Somos contra a violência e o vandalismo, mas também não vamos interpretar as coisas pela emoção exaltada. Isso nos faz lembrar do acidente que quase matou o casal Angélica e Luciano Huck e seus filhos, em que a sobrevida deles foi atribuída à "força de Deus" e não à habilidade de um experiente piloto do avião em que o casal de apresentadores estava.

Vão espalhar pelos quatro ventos que o assassinato de Gilberto Arruda e o vandalismo contra o mausoléu de Chico Xavier são fruto de uma "campanha feroz" dos "irmãozinhos sofredores" contra aquilo que entendem como "doutrina de Kardec", "voltada" para a "fraternidade" e "ação sempre em prol do bem".

O problema é que o "movimento espírita" usa a filantropia e a caridade para abafar seus erros metodológicos, ideológicos e simplesmente práticos, porque a "mediunidade" que professam é feita no improviso, na especulação e em total desconhecimento da Ciência Espírita, que sempre alertou muita cautela nas práticas mediúnicas.

O que vemos é uma "mediunidadezinha" de nada se manifestar e o pessoal se empolgar sem estudar nem disciplinar a prática. O talento limitado, em vez de se ampliar, se reduz, e o suposto médium acaba inventando mensagens da sua própria mente, usando como gancho a propaganda religiosa, e bota na autoria de algum morto, famoso ou não, de sua escolha.

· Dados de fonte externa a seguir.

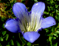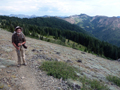 On Wed, 7/24, I was on the trail before the sun was up. In fact, it could not come up since clouds covered the sky. I continued the hike through the Marble Mtns. Little Marbel Meadow was particularly pretty with abundant gentian flowers in green grass all fed by a small spring. The trail continued past Black Marble Mtn to Paradise Lake which looked green due to reflections from the green surroundings. I had a nice lunch break joined by "Slit" and "Double Step". At Buckhorn Spring I refilled my waterbottles, then continued along the high ridge while thunderstorm clouds brewed. The trail then dropped from 6000' to 3000'. The clouds produced no rain. At the end of a 23 mi day I decided to stay near Cliff Creek on an old 4WD road.
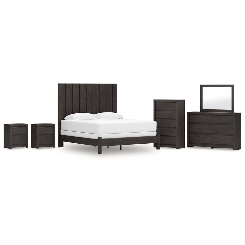 Find serene simplicity in the clean lines and dark neutral tones of this bedroom package. Its a sincere approach to modern elegance, giving you high style at a great value. A sleek hardware-less design creates a fuss-free look. Short on storage? Smooth-gliding drawers keep clothes and clutter neatly tucked away.
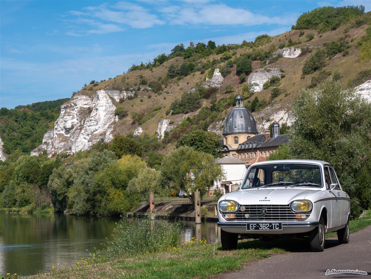 Nous voilà rentrés dans notre ville des Andelys (27). La 204 sur le quai Grimoult devant la Seine et l’ancien hôpital.
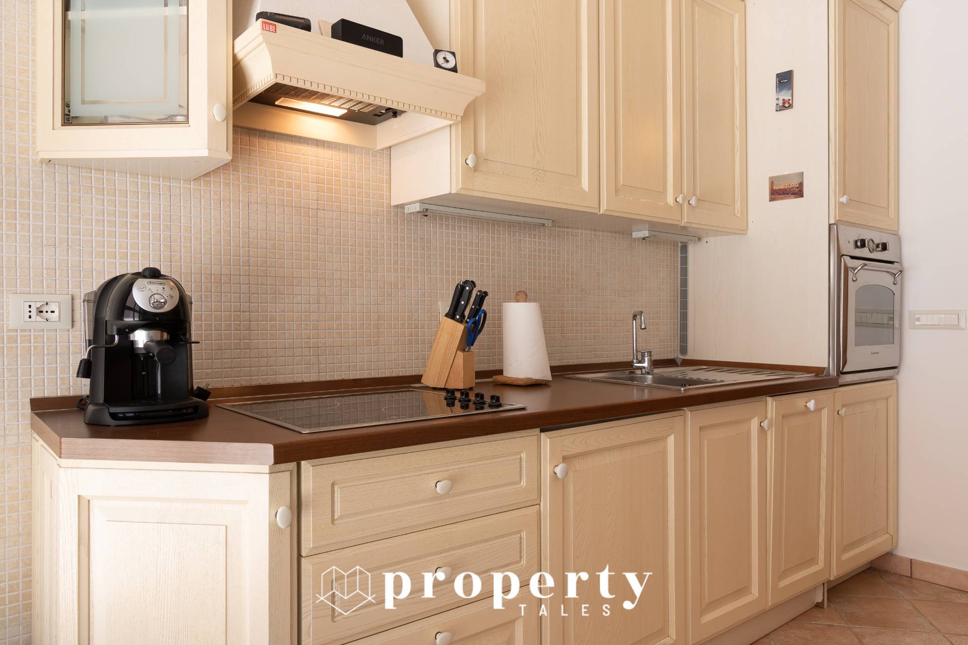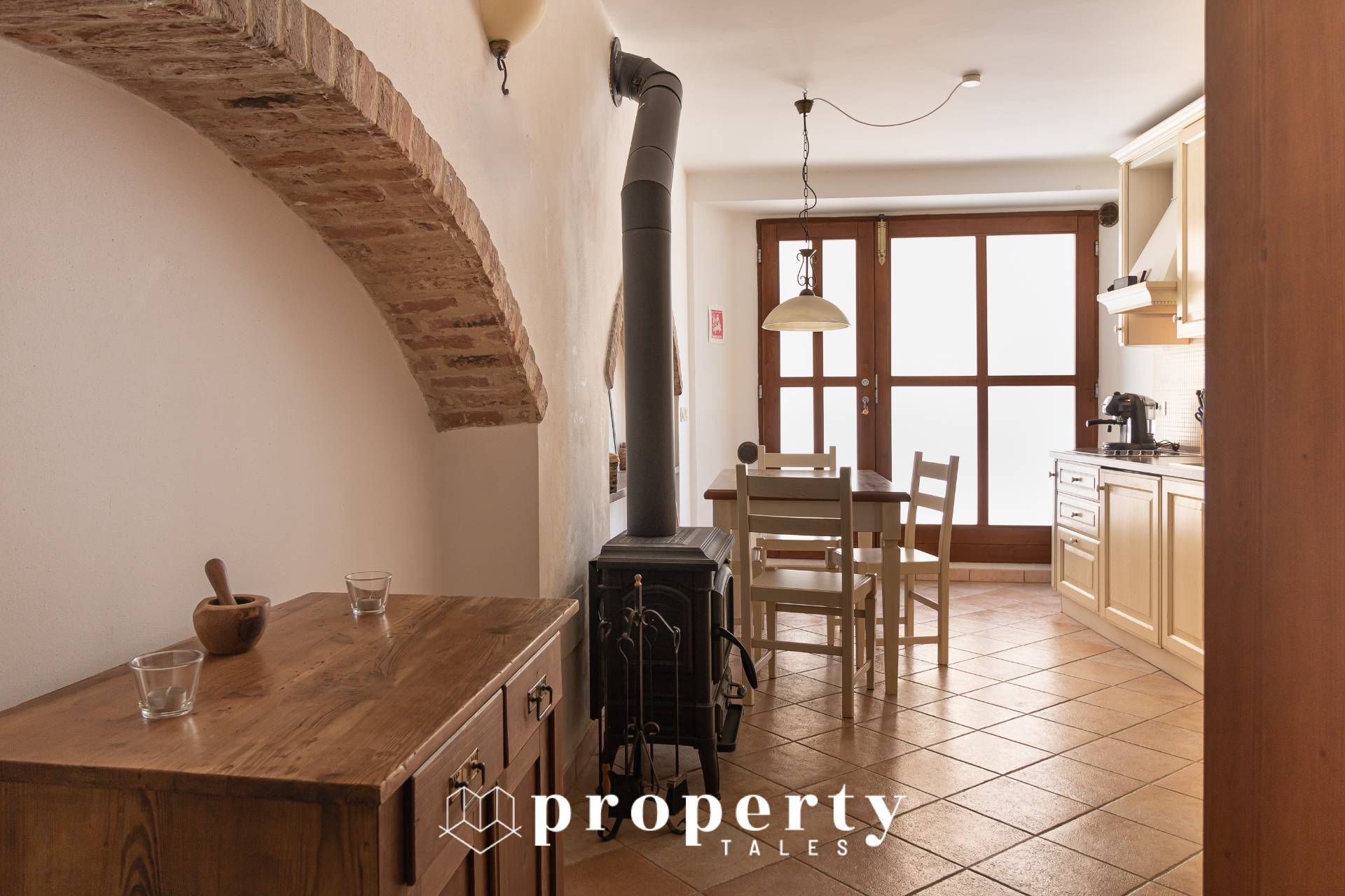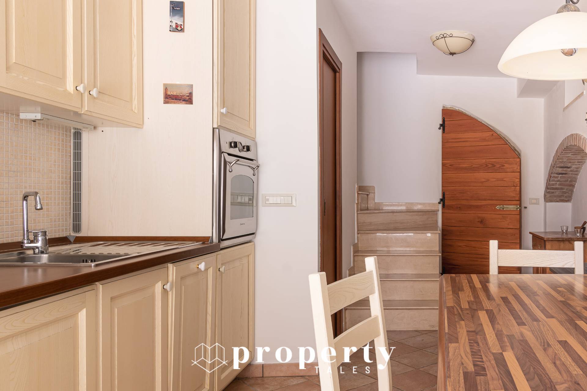 Al piano terra, in un grazioso ambiente, troviamo una cucina abitabile dotata di lavastoviglie, frigorifero, forno tradizionale e piano cottura ad induzione (vedi foto di dettaglio), oltre che un piccolo bagno e un ripostiglio all'interno di un piccolo locale cantina con volta a botte.
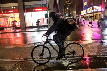 NEW YORK (Reuters) -A federal judge on Tuesday said DoorDash, Grubhub and Uber Eats can sue New York City over a law capping how much they can charge restaurants for delivering meals.
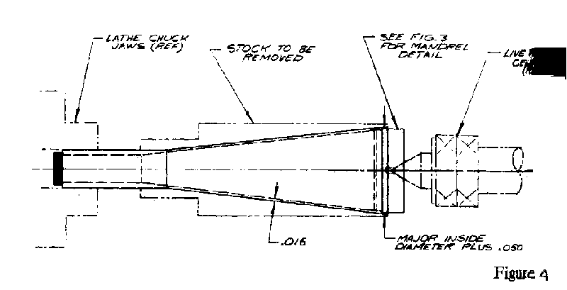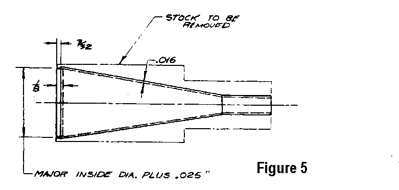 live center. Turn the outside taper to a .016 in, wall thickness. Then
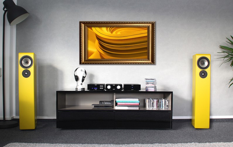 Ja, sie haben es wirklich getan: Senfgelb. In dieser doch eher exotischen Lackierung kommt die 17.2, die wir geordert haben. Gut, das hätten wir auch anders haben können, genau dafür hat Inklang auf seiner Homepage ja den sogenannten „Konfigurator“. Er ist der Kern eines pfiffigen Konzepts, mit dem Inklang beim Boxenbau neue Wege geht: Customizing – die Anpassung eines Serienprodukts an die Bedürfnisse eines Kunden. Am Anfang steht also die Frage: Was brauche und möchte ich? Und hier setzt der Konfigurator an, im ersten Schritt ist er ein Bedarf-Berater, der Traum von einem neuen Schallwandler beginnt nämlich mit der Realität der heimischen Gegebenheiten: Wie groß ist mein Raum? Wo sollen die Boxen stehen: Im Regal, auf dem Sideboard oder frei im Raum? Und welche Leistung liefert mein Verstärker, um die Boxen anzutreiben? Für diese unterschiedlichen Konstellationen bietet Inklang in seiner Lautsprecher-Serie „AdvancedLine“ sieben verschiedene Modellen an, sie reichen von der Regalbox bis zum Standlautsprecher.
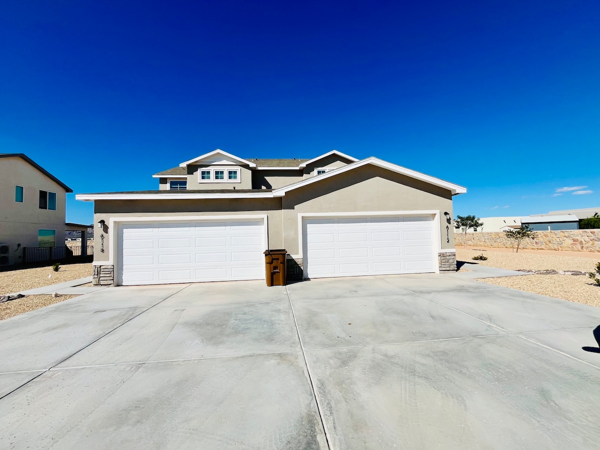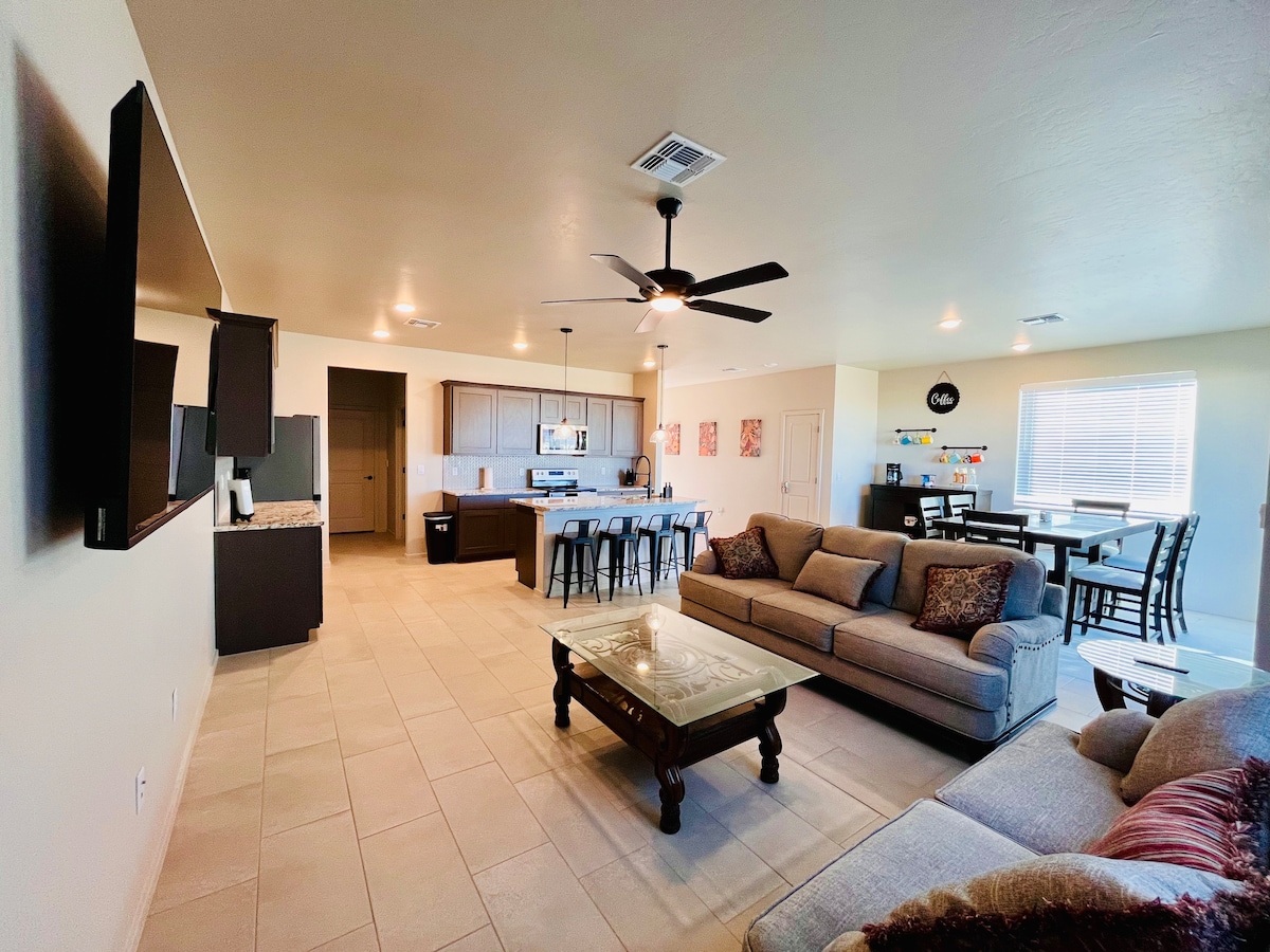 Brand new home, with a beautiful view of the Organ mountains located right across the street from a water park for unlimited free fun in the spring and summer and most park activities year round. Close to NASA and White sands missile range. 5 min. From the fwy & shopping ..10 min. From downtown. Incredible sunsets, peace and quiet, a place to recharge your batteries. New appliances.. gourmet kitchen..comfortable beds.. custom shower.. Private landscaped back yard...Your home away from home.

Recentemente, o mesmo Lar de Frei Luiz publicou uma mensagem atribuída à cantora Cássia Eller, morta no final de 2001. Uma mensagem longa demais que mais parece a de uma madre carmelita que se envolveu com rituais satânicos, descrevendo dragões e monstros que disse ter visto no mundo espiritual, e teorizando demais sobre umbral, provações "espíritas" etc.

Houve muita apelação nos últimos dois anos, que envolveu até jogo eletrônico e desenho animado com Chico Xavier, Turma da Mônica ensinando "espiritismo", e até o Fantástico comemorando demais uma inexpressiva filantropia de Divaldo Franco que mal consegue beneficiar 0,08% da população de Salvador, o que, em dimensões mundiais, é sinônimo de nada.

E ai, como nada disso convenceu, os "espíritas" estão em crise, e eles tentam pegar carona com o acaso para se dizerem "vítimas de intolerância religiosa", só porque graves incidentes cometidos por leigos ao "espiritismo" aconteceram. Eles são atos deploráveis, mas dizer que eles são fruto de "intolerância religiosa" ou "campanha contra o espiritismo" é um exagero.

A crise do "espiritismo" brasileiro continua porque a doutrina é historicamente vinculada aos seus piores vícios, como a sua inclinação pelos valores do Catolicismo medieval português e seu desconhecimento da Ciência Espírita. Seu pior pecado é dizer-se "kardecista" sem conhecer coisa alguma do pensamento de Allan Kardec. E criticar isso não é intolerância, é questionamento.